The answer is the full listing below, copied exactly, with its pictures omitted.

*Source material*.
= Beginning of Section =
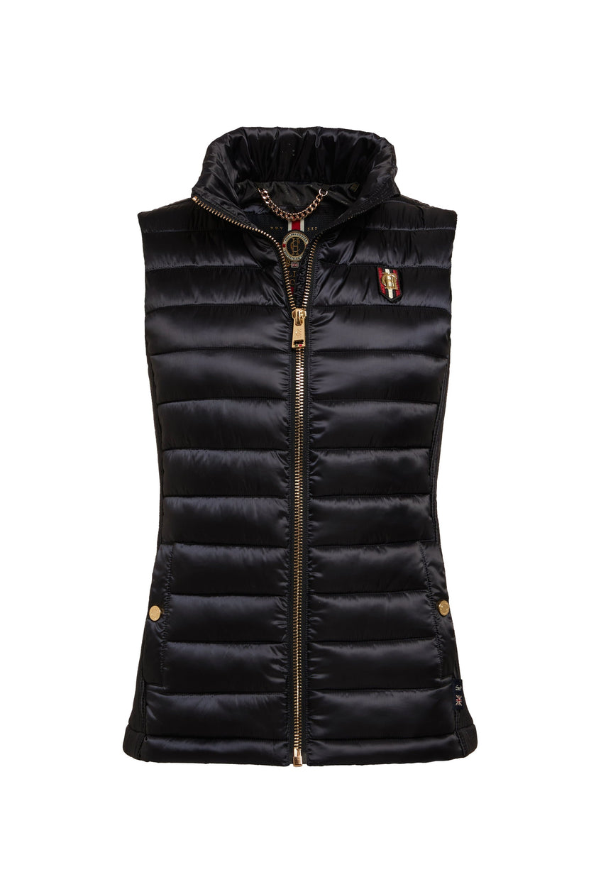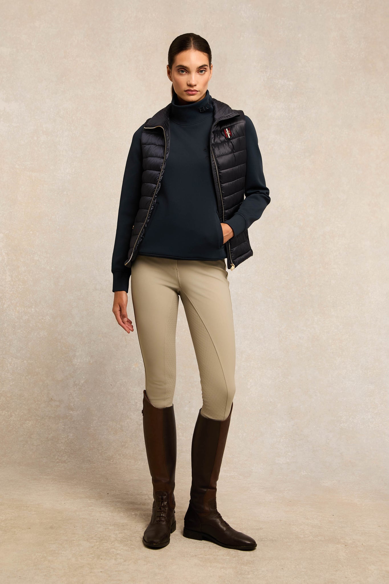 Meticulously crafted from premium technical fabric, this sleek gilet offers exceptional versatility for year-round wear. The streamlined silhouette features elasticated shirring at the sides, ensuring a tailored fit while maintaining freedom of movement. Adorned with our signature high-density embroidery and luxurious gold hardware, this piece exemplifies Holland Cooper's dedication to quality and style. Practical snap-closure welt pockets complete this essential layer. Perfect for both the stables and country pursuits.
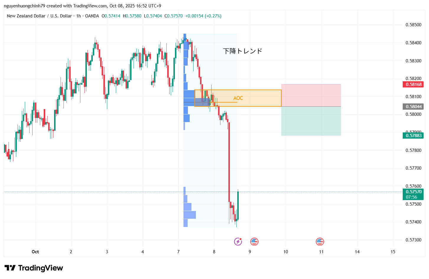 この分析をさらに裏付けるため、直近の値動きをVolume Profileで分析しました。その結果、AOC (Area of Control)、つまり大量の出来高が集中したゾーンが0.58044付近にあることがわかりました。これは売り勢力が積極的に参加したポイントであり、価格が戻ってきた際のレジスタンスゾーンになる可能性が高いと考えられます。
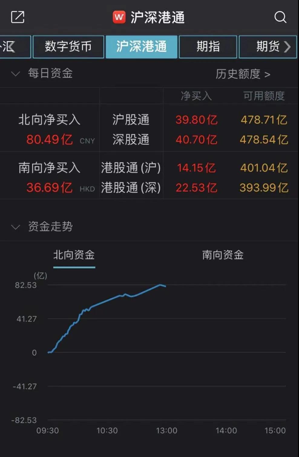 从资金面看,Wind数据显示,截至午间收盘,北向资金净流入80.49亿元,其中沪股通资金净流入39.80亿元、深股通资金净流入40.70亿元。
= End of Section =
*Solution below*.
 Meticulously crafted from premium technical fabric, this sleek gilet offers exceptional versatility for year-round wear. The streamlined silhouette features elasticated shirring at the sides, ensuring a tailored fit while maintaining freedom of movement. Adorned with our signature high-density embroidery and luxurious gold hardware, this piece exemplifies Holland Cooper's dedication to quality and style. Practical snap-closure welt pockets complete this essential layer. Perfect for both the stables and country pursuits.
 この分析をさらに裏付けるため、直近の値動きをVolume Profileで分析しました。その結果、AOC (Area of Control)、つまり大量の出来高が集中したゾーンが0.58044付近にあることがわかりました。これは売り勢力が積極的に参加したポイントであり、価格が戻ってきた際のレジスタンスゾーンになる可能性が高いと考えられます。
 从资金面看,Wind数据显示,截至午间收盘,北向资金净流入80.49亿元,其中沪股通资金净流入39.80亿元、深股通资金净流入40.70亿元。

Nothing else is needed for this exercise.